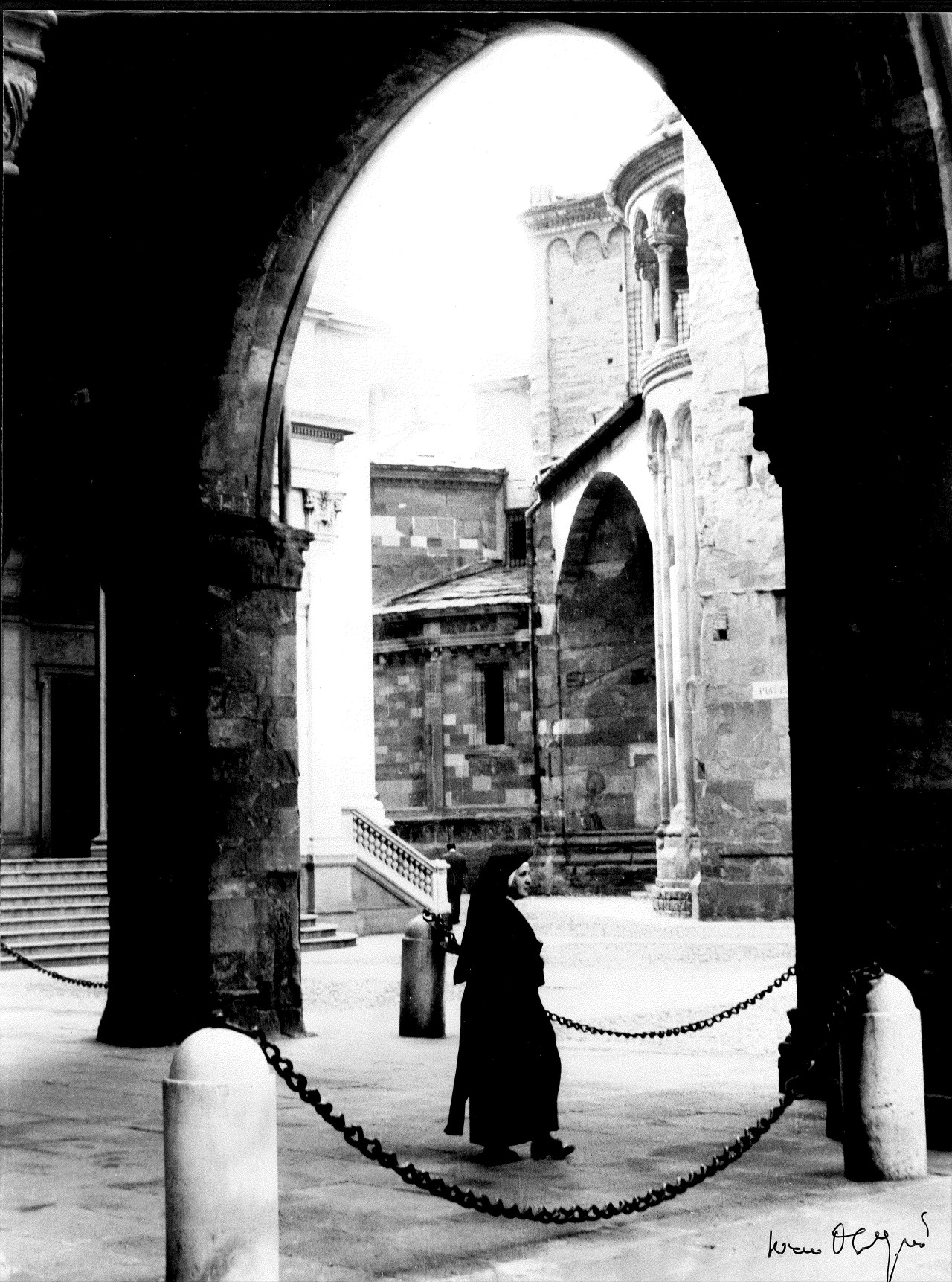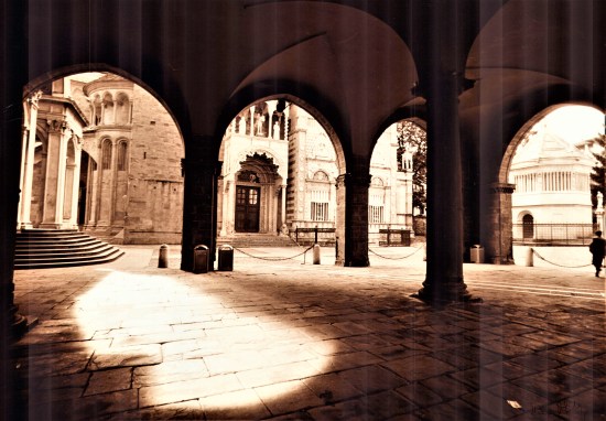 Dati tecnici: sviluppo negativo Kodak Tri-X da 400 Iso in D 76, diluizione 1+1 a 20°, con trattamento in tank Paterson (agitazione ogni 30”). Stampe su carta Agfa Gradazione 3 lucida. Il viraggio di una foto (portici Palazzo della Ragione) in seppia (con foto chimica Ornano).
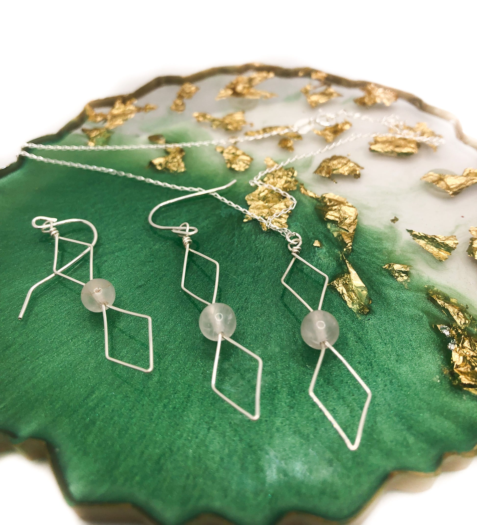 Introducing our Diamond Crystal Necklace, Handmade in the studio with recycled sterling silver wire. We carefully (and usually painstakingly) hand craft our wire into these diamond shapes which encase a beautiful crystal bead of your choice.
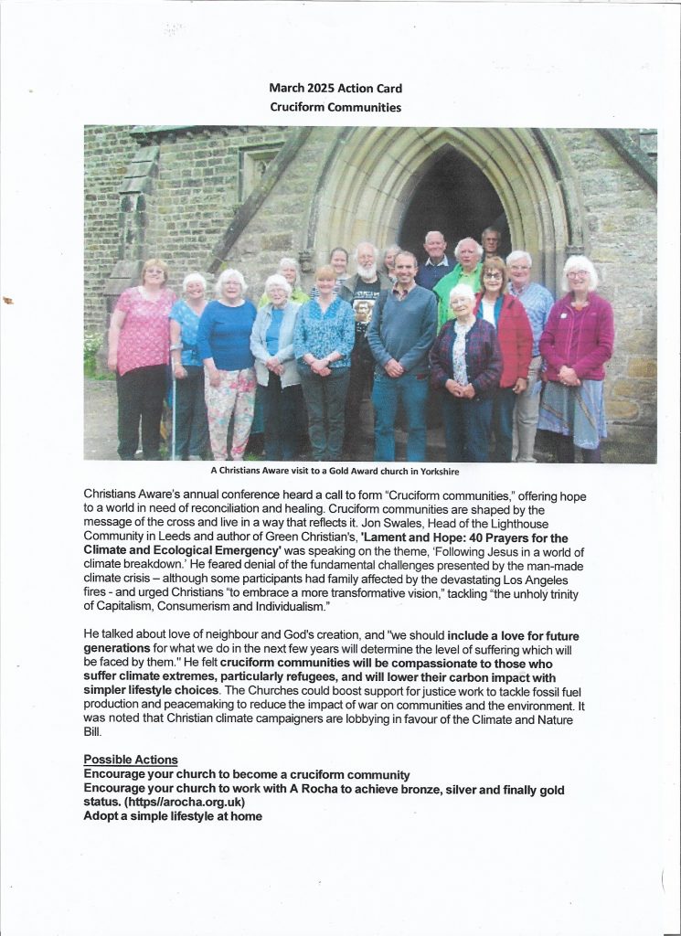 Jon Swales, Head of the Lighthouse Community in Leeds and an eco-activist, spoke on the theme, ‘Following Jesus in a world of climate breakdown.’ He called for the formation of “Cruciform communities,” offering hope to a world that is “unravelling,” particularly because of the challenges of human-induced climate change. He urged Christians “to embrace a more transformative vision,” tackling “the unholy trinity of Capitalism, Consumerism and Individualism.”  He feared ongoing denial of the climate crisis, including denial in the Churches. “Fossil fuels bring a curse upon humanity,” he warned. He felt cruciform communities will be compassionate to those who suffer climate extremes, particularly refugees, and lower their carbon impact with simpler lifestyle choices. The Churches should boost work to tackle fossil fuel production and undertake peace-making to reduce the impact of war on communities and the environment.

--- TASK BRIEF ---
Please retype the data exactly as it appears, but without any of its pictures.

--- RESULT OF THE TASK ---
 Dati tecnici: sviluppo negativo Kodak Tri-X da 400 Iso in D 76, diluizione 1+1 a 20°, con trattamento in tank Paterson (agitazione ogni 30”). Stampe su carta Agfa Gradazione 3 lucida. Il viraggio di una foto (portici Palazzo della Ragione) in seppia (con foto chimica Ornano).
 Introducing our Diamond Crystal Necklace, Handmade in the studio with recycled sterling silver wire. We carefully (and usually painstakingly) hand craft our wire into these diamond shapes which encase a beautiful crystal bead of your choice.
 Jon Swales, Head of the Lighthouse Community in Leeds and an eco-activist, spoke on the theme, ‘Following Jesus in a world of climate breakdown.’ He called for the formation of “Cruciform communities,” offering hope to a world that is “unravelling,” particularly because of the challenges of human-induced climate change. He urged Christians “to embrace a more transformative vision,” tackling “the unholy trinity of Capitalism, Consumerism and Individualism.”  He feared ongoing denial of the climate crisis, including denial in the Churches. “Fossil fuels bring a curse upon humanity,” he warned. He felt cruciform communities will be compassionate to those who suffer climate extremes, particularly refugees, and lower their carbon impact with simpler lifestyle choices. The Churches should boost work to tackle fossil fuel production and undertake peace-making to reduce the impact of war on communities and the environment.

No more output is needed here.